Job makes sin offerings for his sons who celebrate their birthdays: 
Job 1:4 And his sons went and had a feast in the house of each on his day, and sent and invited their three sisters to eat and to drink with them. And it came to be, when the days of feasting had gone round, that Job would send and set them apart, and he would rise early in the morning and offer burnt offerings – the number of them all – for Job said, “It might be that my sons have sinned and cursed Elohim in their hearts.”

John the Immerser is beheaded at Herod's birthday party: 
Matthew 14:6 But when Herod’s birthday came, the daughter of Herodias danced before the company and pleased Herod, so that he promised with an oath to give her whatever she might ask. Prompted by her mother, she said, “Give me the head of John the Baptist here on a platter.” And the king was sorry, but because of his oaths and his guests he commanded it to be given. He sent and had John beheaded in the prison, and his head was brought on a platter and given to the girl, and she brought it to her mother. 
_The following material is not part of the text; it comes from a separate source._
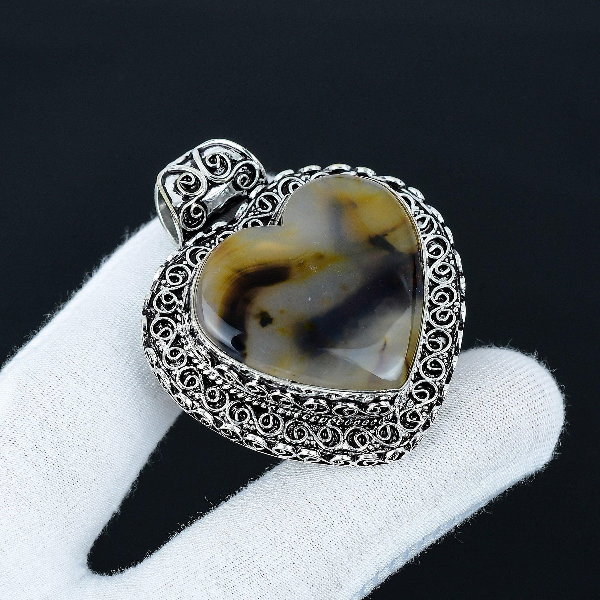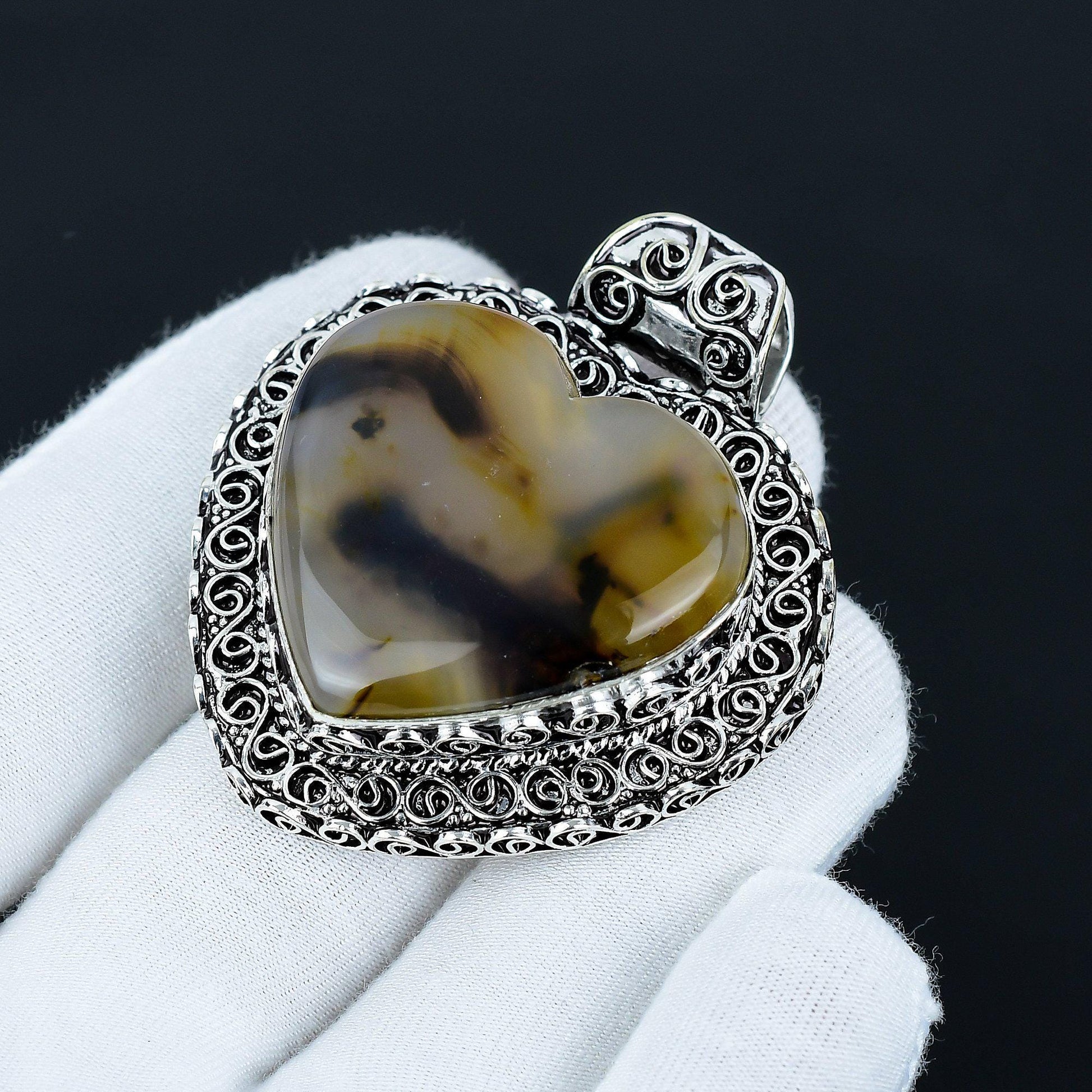 Design: This pendant features a stunning heart-shaped amber stone, renowned for its warm hues and natural inclusions, set within intricate, decorative silver detailing.
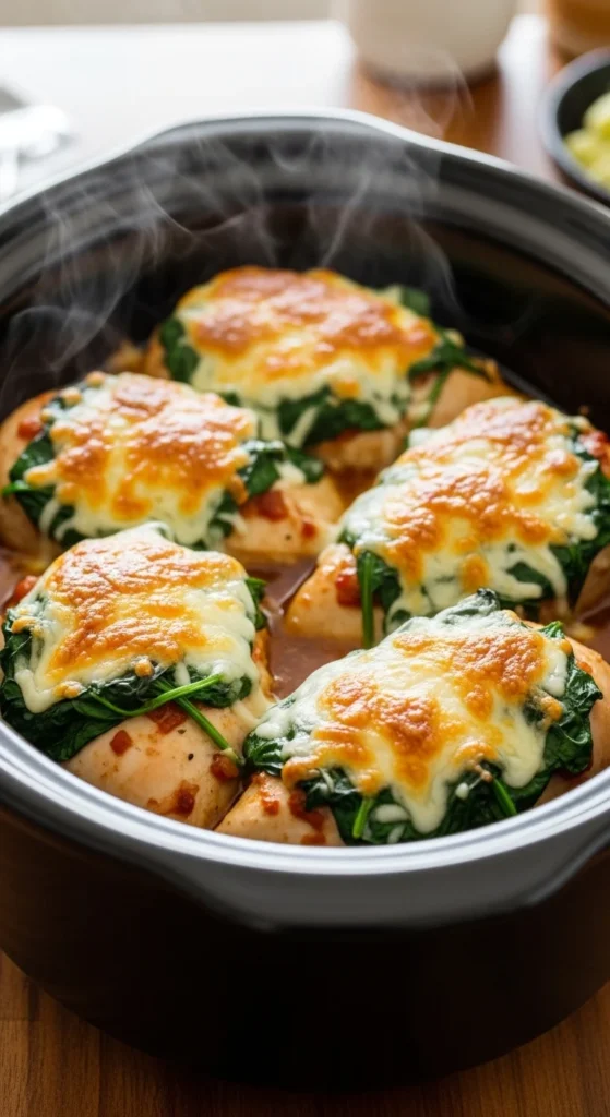 3. Cook low 4–5 hours, add cheese in the last 30 minutes.

With that scenario in mind, I will include a link to this information:

There is nothing wrong with knowing how many years we have lived. Knowing the age of people was kept track of since there were age requirements in regards to taxes and military service. The ages of those recorded in the genealogies give us a time frame to work with in our studies. It is the adopted pagan practice of celebrating the day with drinking, eating and dancing (party time) that has been passed on down through the generations that we should stop doing.  

Birthday celebrations are actually rooted in paganism. The Encyclopedia Americana (1991 edition) states: "The ancient world of Egypt, Greece, Rome, and Persia celebrated the birthdays of gods, kings, and nobles."
Authors Ralph and Adelin Linton reveal in their book The Lore of Birthdays: "Mesopotamia and Egypt were also the first lands in which men remembered and honoured their birthdays. The keeping of birthday records was important in ancient times principally because a birth date was essential for the casting of a horoscope."
So, there is a direct connection between the Pagan practice of birthday celebrations and astrology (horoscopes and fortune telling).

Also, The World Book Encyclopedia (volume 3, page 416) states:
"The early Christians did not celebrate [Y'shua's] birth because they considered the celebration of anyone's birth to be a pagan custom." 

Down to the fourth century Christianity rejected the birthday celebration as a pagan custom.

Notice also the record of the first century historian Josephus: The Jews in Christ’s day knew God’s attitude toward birthday celebrations, “Nay, indeed, the law does not permit us to make festivals at the births of our children” (Flavius Josephus, Against Apion, Book II, section 26).